Instructional staff understood that access to high-quality instructional materials is, at its heart, an equity issue. The Opportunity Myth shows that classrooms that serve predominantly students from higher-income backgrounds spent twice as much time on grade-appropriate assignments than did classrooms with students from low-income backgrounds, and this seemed to be playing out in Passaic, where 86% of the district’s 15,000 students qualified for free or reduced lunch. Educators were determined to interrupt the opportunity gap.
Results
A Materials Review That Centers Equity for Multilingual Learners
Harnessing TNTP’s Curriculum Implementation Framework, Passaic leaders began by convening a task force to design a vision for standout ELA and math education that would guide the selection of new instructional materials. Then, content specialists began reviewing materials for ELA for grades K through 8 and math for grades 3 through 12.
Central to Passaic’s efforts was an unwavering commitment to finding vendors that offered the same curriculum in both English and Spanish, since 93% of Passaic’s families identify as Latinx. Leaders also wanted to ensure continuity across schools, since students often move between schools within the district.
Finding dual-language materials proved more challenging than expected. Content-area specialists and bilingual supervisors examined numerous options, discovering that because of inequities in the markets, materials that were offered in both English and Spanish often didn’t meet the standards that define high-quality instructional materials; conversely, high quality materials often were only offered in English.
Yet Passaic leaders weren’t willing to compromise on the materials’ quality, nor on offering them in both Spanish and English. Leaders also felt it was critical from an equity standpoint that all students in a grade learn same curriculum, so purchasing high quality materials in English and different ones in Spanish also was not an option.
Next, Passaic worked with TNTP to assemble a diverse group of stakeholders to conduct an in-depth review of the few materials that met the criteria. They assessed whether the materials were rich in content and driven by learning science, and examined whether the texts were aligned with college- and career-ready standards. They also looked closely at whether they were culturally responsive and equity centered. The task force also reviewed performance reports on the materials that other organizations had conducted and invited publishers to give presentations.

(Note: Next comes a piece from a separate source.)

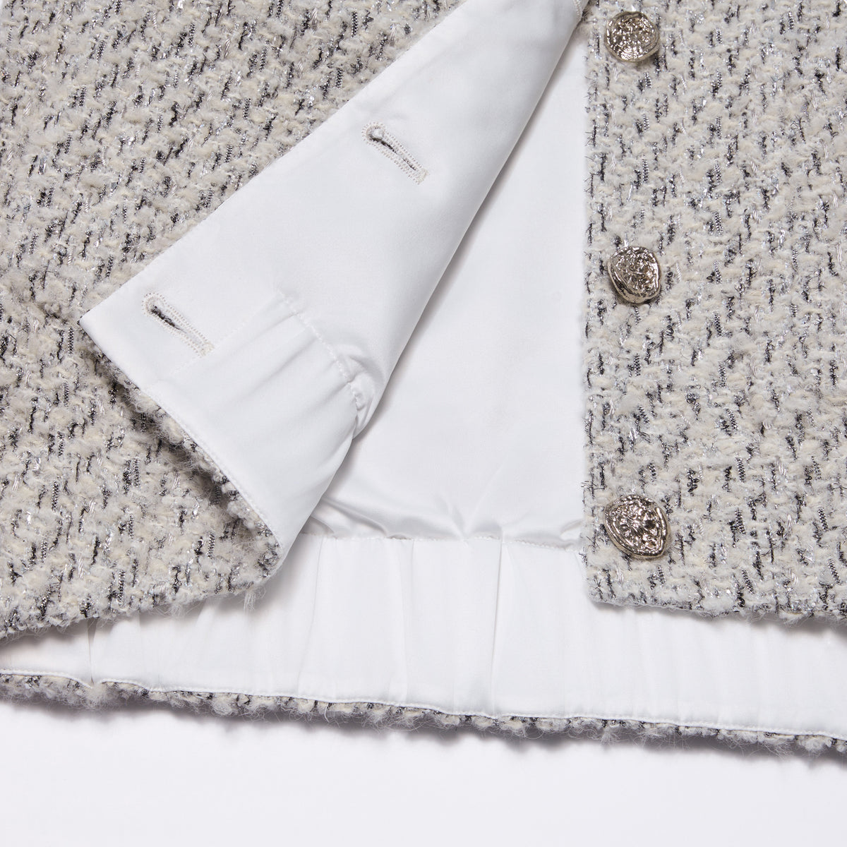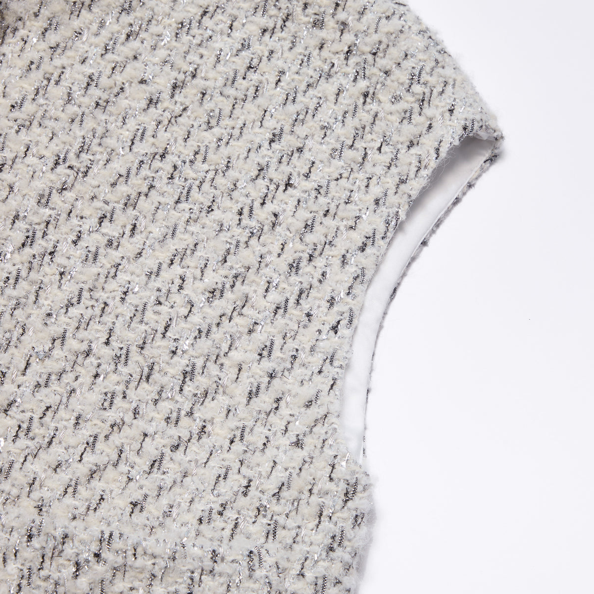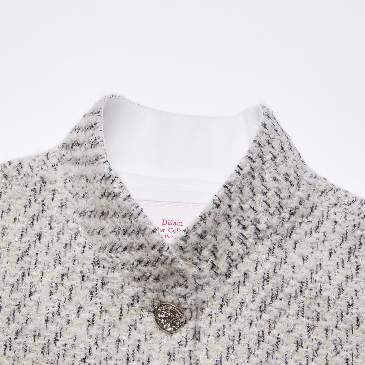 “Sloane Ave."法國高級訂製蓬圈銀織花呢Oversized背心—Silver Mist輕雪銀花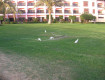 Во-первых, огромная, зеленая, ухоженная территория с аквапарком, магазинами, тренажорным залом и множеством бассейнов. Очень красиво. До моря идти 7 - 10 минут, или на паровозике, который ходит каждые 45 минут.

TNTP worked with Passaic to establish criteria on which to assess the materials and determine which options best meet their needs. The group held discussions and ultimately used the criteria to vote, selecting Amplify CKLA and Amplify Caminos as the ELA and SLA vendor, and Carnegie Learning and Illustrative Math for the math curricula.
Once these key decisions were made, with support from TNTP, the district immediately began creating their strategic implementation plan. From setting clear goals for implementation in alignment with their new content visions, to creating yearlong professional learning plans for key stakeholders including school leaders, coaches, and teachers, to aligning the district’s teacher development strategy to its new instructional priorities, to implementing a progress monitoring approach, each layer of the plan was strategic and intended to build the investment and skills for instructional staff at all levels that would be required to achieve their desired results.
Impact
High Quality Materials and Students Meeting Challenges
Passaic began implementing the new curriculum in the 2022-2023 school year, and early figures showed immense promise. The percentage of in-class lessons using grade-level content jumped from just 47% in October 2021 to 90% in November 2022, while the percentage of assignments with grade-level content increased from 45% to 79%. The new curriculum strongly impacted the in-class teaching, with the percentage of lessons with strong instruction jumping from 19% in October 2021 to 50% in November 2022. More than 80% of teachers feel that the instructional materials benefit their students, and more than half feel students are more engaged with the new curriculum than with the old one.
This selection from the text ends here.